**DATASET EXCERPT**
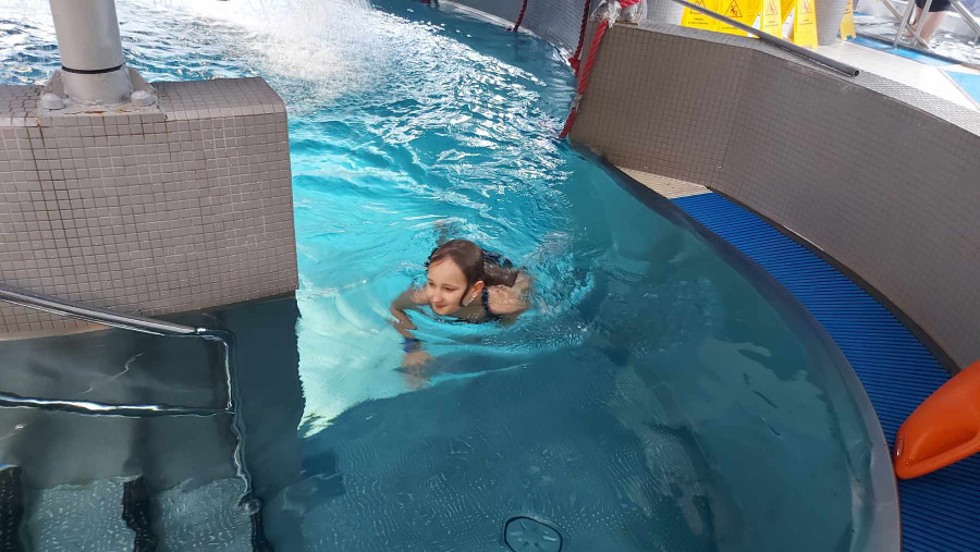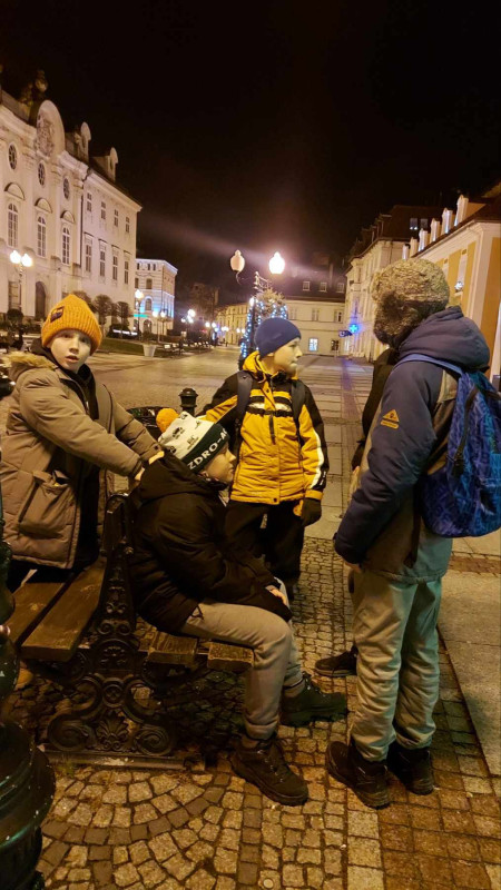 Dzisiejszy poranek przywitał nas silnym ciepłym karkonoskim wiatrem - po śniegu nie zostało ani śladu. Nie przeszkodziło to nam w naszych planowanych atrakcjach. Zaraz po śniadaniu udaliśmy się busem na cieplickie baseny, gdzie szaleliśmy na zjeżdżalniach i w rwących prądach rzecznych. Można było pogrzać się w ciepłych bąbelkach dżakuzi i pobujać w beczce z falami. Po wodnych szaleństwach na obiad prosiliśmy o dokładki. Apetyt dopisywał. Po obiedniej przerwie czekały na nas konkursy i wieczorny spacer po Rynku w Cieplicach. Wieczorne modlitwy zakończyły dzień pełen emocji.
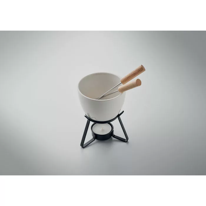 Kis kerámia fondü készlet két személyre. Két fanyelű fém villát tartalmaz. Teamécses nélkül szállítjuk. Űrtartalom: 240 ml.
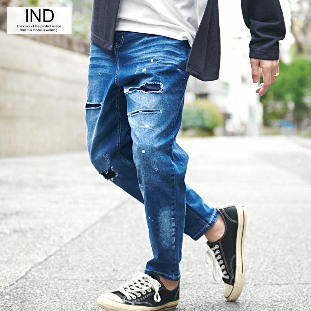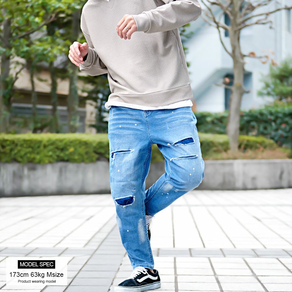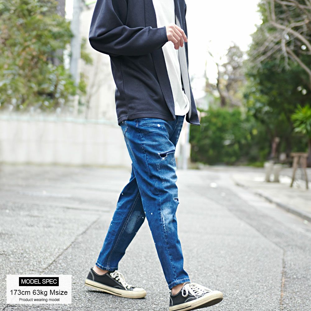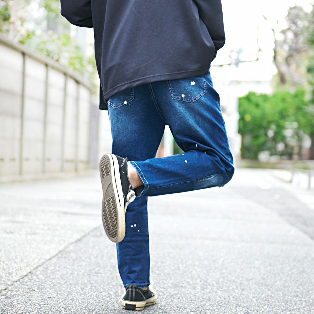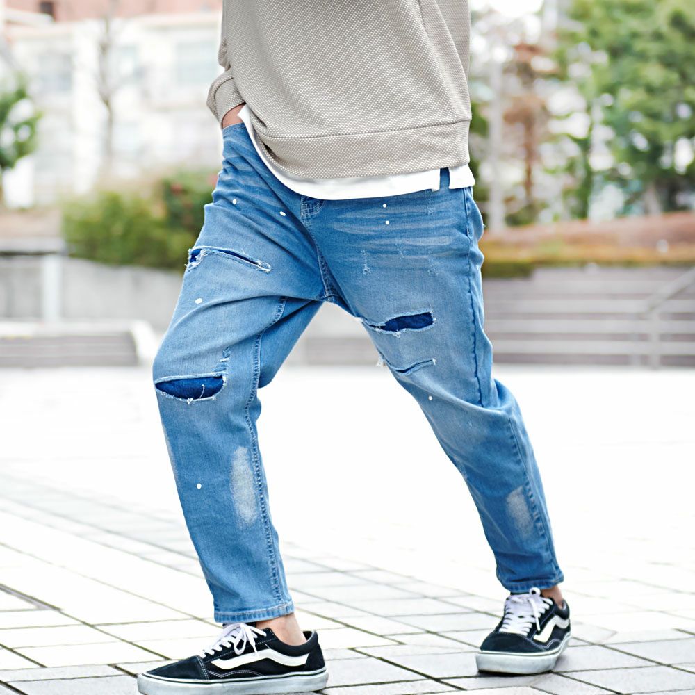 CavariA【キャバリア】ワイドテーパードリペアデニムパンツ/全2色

**WHAT IS NEEDED**
What you need to copy is the run of lines from the one holding "Kis kerámia fondü" through the end of the data, exactly and only, both ends included, pictures omitted.

**YOUR RESPONSE**
 Kis kerámia fondü készlet két személyre. Két fanyelű fém villát tartalmaz. Teamécses nélkül szállítjuk. Űrtartalom: 240 ml.
 CavariA【キャバリア】ワイドテーパードリペアデニムパンツ/全2色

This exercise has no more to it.